The STM32H745IGK6 pairs a 240 MHz Cortex-M4 with a 480 MHz Cortex-M7 on a single die, giving you a real-time control core and a high-performance application core that can run separate code images. The M7 handles number-crunching or protocol stacks; the M4 takes deterministic I/O and low-latency interrupt service. Both share the 1 MB Flash and 1 M x 8 RAM, so the memory budget needs to cover both firmware partitions.
Flash and RAM — sizing the firmware split
With 1 MB of Flash and 1 M x 8 of RAM, this part sits in the mid-density tier of the STM32H7 family. The M7 typically runs the main application and can chew through Flash quickly; the M4 handles housekeeping and real-time loops. The 128 I/O count gives plenty of headroom for parallel buses, display interfaces, and sensor arrays — the 176+25 UFBGA (10x10 mm) packs it all into a compact BGA that needs fine-pitch assembly but saves board area.
Temperature range and supply — industrial fit
The supply range of 1.62 V to 3.6 V lets it run from a single 3.3 V rail or a 1.8 V core supply with separate I/O voltage — flexible for mixed-voltage designs.
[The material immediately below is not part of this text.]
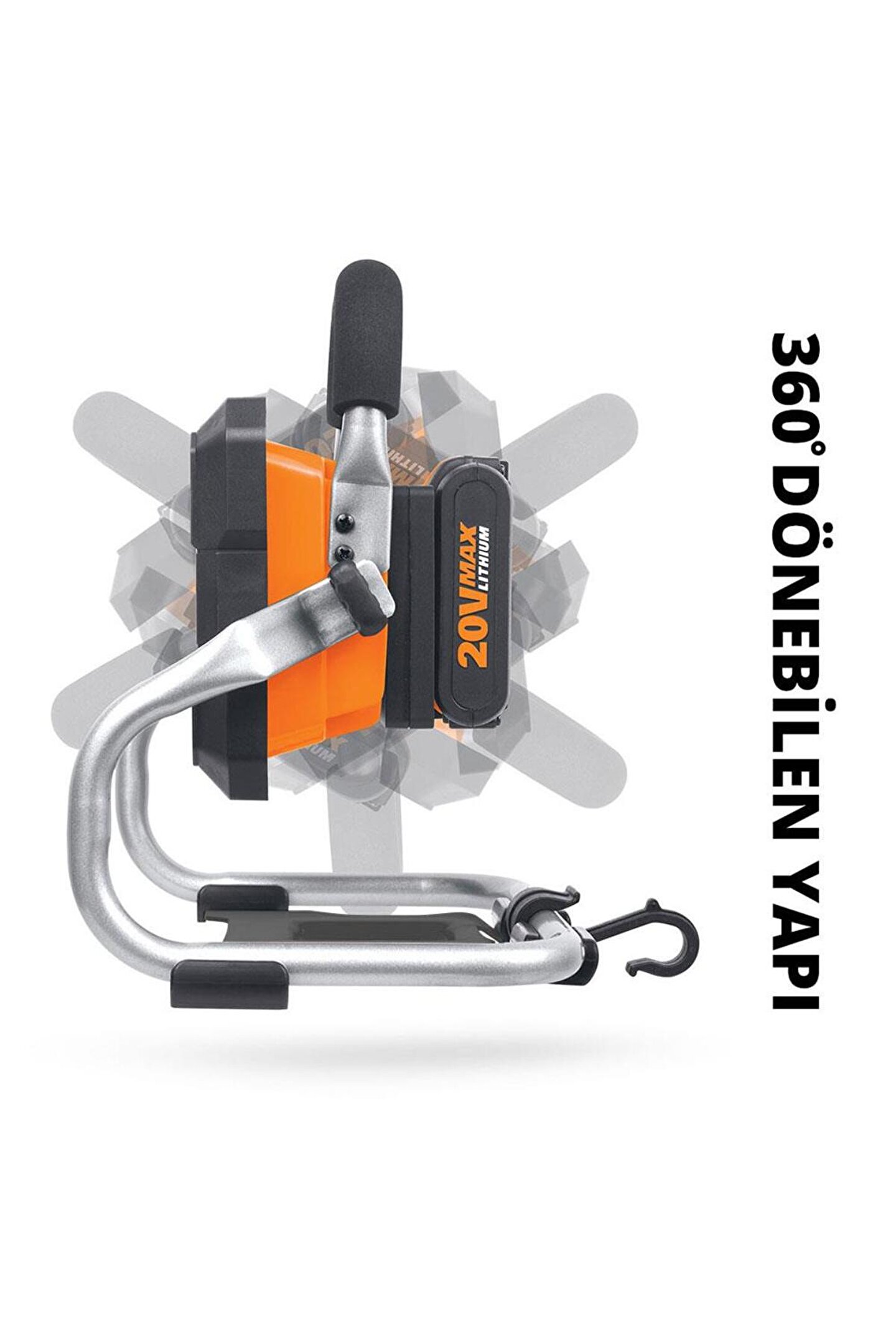 · WORX WX026.9 20Volt 1500 Lümen Profesyonel Led Projektör (Akü Dahil Değildir) · 20Volt Li-ion teknolojisi ile tüm rakiplerinden daha uzun süre ve maksimum aydınlık sağlar.; · Yüksek aydınlatma gücü sayesinde şantiye alanları, inşaat alanları, depolar, karanlıkta harita okuma, lastik değiştirme, kamp alanında aydınlatma gibi birçok alanda kullanım imkânı sağlar.; · 3 farklı kullanım şekli sayesinde asılarak, düz ve ters monte edilerek kullanılabilir parlak güçlü 1500 lümen LED aydınlatma ışığı ile geniş kullanım alanı.; · 360° kendi ekseninde dönebilen ve sabitlenebilen yapısı ile istenilen açıda ve yönde aydınlatma imkânı sağlar.; · 20Volt 20Watt gücünde LED projektör ve sağlam alüminyum soğutma gövdesi çalışma esnasında halojen, akkor veya Xenon lambalardan daha az ısınarak uzun süre sorunsuz çalışma sağlar, · Dahili ayarlanabilir kancalı askılık ile aydınlatma açısı ayarlanıp sıkıştırarak kolay ve hızlı kurulum imkânı sağlar.; · Silikon kaplama açma kapatma tuşu ile dış ortam şartlarında mükemmel dayanıklılık ve koruma sağlar.; · Darbe ve düşmelere karşı dayanıklı sağlam ABS Plastik yapı.; · Worx POWER SHARE Li-ion akü teknolojisi sayesinde 20Volt Worx akünüzle tüm 20Volt Worx şarjlı ürünlerini çalıştırabilirsiniz.; 20Volt Worx akünüzle yüzlerce Worx şarjlı ürününü çalıştırabilirsiniz.; · Worx POWER SHARE Li-ion akü teknolojisi sayesinde 20Volt WORX akünüzü tüm 20V/40V/80V Worx akülü makineleriniz ile kullanabilirsiniz.; Ayrıca 40V/80V ürünlerinizle birlikte gelen akülerinizi tüm 20V Worx akülü makinalarınız ile kullanabilirsiniz.; · Akü ve Şarj cihazı hariç satılan tüm Worx ürünlerinde, amper değeri gözetmeksizin istediğiniz 20Volt WORX aküyü satın alarak ürününüzü kullanabilirsiniz.; · Son derece kompakt ve hafif tasarımı ile kolay taşıma imkânı.; · Taşıma kolu üzerine entegre sünger kaplama sayesinde konforlu kullanım sağlar.; · Daha fazla çalışma süresi için sağlam LED aydınlatma teknolojisi.; · Kayar akü sistemi ile kolay ve güvenli akü değiştirme.; · AKÜ VE ŞARJ CİHAZI DAHİL DEĞİLDİR! · Profesyonel Kullanıma uygundur.; · Güç: 20Volt Li-ion · Işık Şiddeti: 1500 Lümen · Işık Ayar Kademesi: 1 · Döner Kafa Açısı: 360° · 2.0Ah.; Worx Akü ile kullanımda: 2 Saat · 4.0Ah.; Worx Akü ile Kullanımda: 4 Saat · Max.; Yükseklik: 27cm · Standart Ekipman: Dahili asma kancası.; · Ağırlık: 1,8 Kg.

Connectivity and peripherals — what is on the bus
The 36-channel 16-bit ADC and dual 12-bit DAC handle analog front-end tasks without an external converter. Internal oscillator means you can boot without a crystal, though an external clock improves accuracy for time-sensitive protocols like Ethernet or USB.
Lifecycle — active, no LTB pressure
ST lists the STM32H745IGK6 as Active. For new designs this is a green light; for production lines the supply channel is stable through independent distribution.